Helpful to harmful
Remember Goldilocks? She was the girl who liked her porridge not too hot, not too cold but just right. When it comes to water, humans are just like her. Too much water is just as bad as too little, and it has to be just right.
Water is so essential to human endeavour that it is hard to keep this brief. On the helpful side of the equation, water is essential to maintain physical health, it’s an amazing solvent and cleaner, it provides beautiful places to recreate and extinguishes fire. On the harmful side, lives and livelihoods are destroyed in floods, damp conditions can affect crops and water can provide the right breeding grounds for organisms that impair human health. In this blog post I use two objects from the Museum’s collection to discuss some of these the positive and negative aspects of the health implications of water.
Healthy recreation
The National Museum of Australia holds the extensive Joseph Lebovic postcard collection. Lebovic was a theatre entrepreneur from Sydney who collected postcards, board games and jigsaw puzzles, as well as theatre memorabilia and art works. The first object chosen to illustrate healthy water is one of these postcards.
Postcards are a uniquely modern phenomenon. The world’s first photograph was created in 1826 by Joseph Nicéphore Niépce, a former soldier turned scientist and inventor.[1] However, it took some years for the technical aspects of photography to be resolved and for it to become more widely available. This was achieved by Niépce’s partner, Louis Daguerre, after Niépce’s death in 1833. He revealed his results to a heavily attended joint session of the Académie des Sciences and the Académie des Beaux-Arts on 19 August, 1839. Photography was hailed a miracle and in the 1840s the wealthy began to have portraits, or daguerrotypes, made of themselves.

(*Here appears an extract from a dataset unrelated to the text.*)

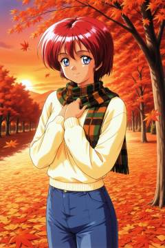Original Style,Hinomoto Hikari,1girl,solo,mole under eye,1990s \(style\),red hair,retro artstyle,short hair,blue eyes,sweater,smile,pants,long sleeves,in autumn,maple leaf,sunset,kaza,hands on own chest,scarf,<lora:Tokimeki Memorial 2_illustriousXL_v2:1>,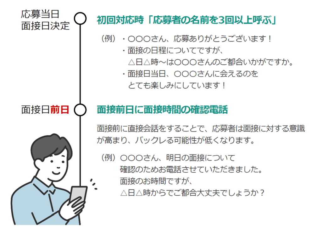 応募者の緊張を和らげるための配慮や、当日の手順について具体的に伝えることで、安心感を与えることができます。

Fast forward a few decades where the process of photography had been increasingly refined, and printing advanced the creation of the postcard. Initially utilitarian, photographers quickly cottoned on to the possibilities of promotion and cash flow that came from the picture postcard. Many photographers began to publish their images, leaving a record of turn of the century leisure, tastes, fashions and places.
Our postcard depicts a very common scene in Perth, yachts on the Swan River on a summer afternoon. If you’ve been to Perth, you’ll recognise that this image is taken from King’s Park. The image was probably taken at the same time as one by the same photographer which was published in 1901 in the Western Mail, for a Christmas special.[2]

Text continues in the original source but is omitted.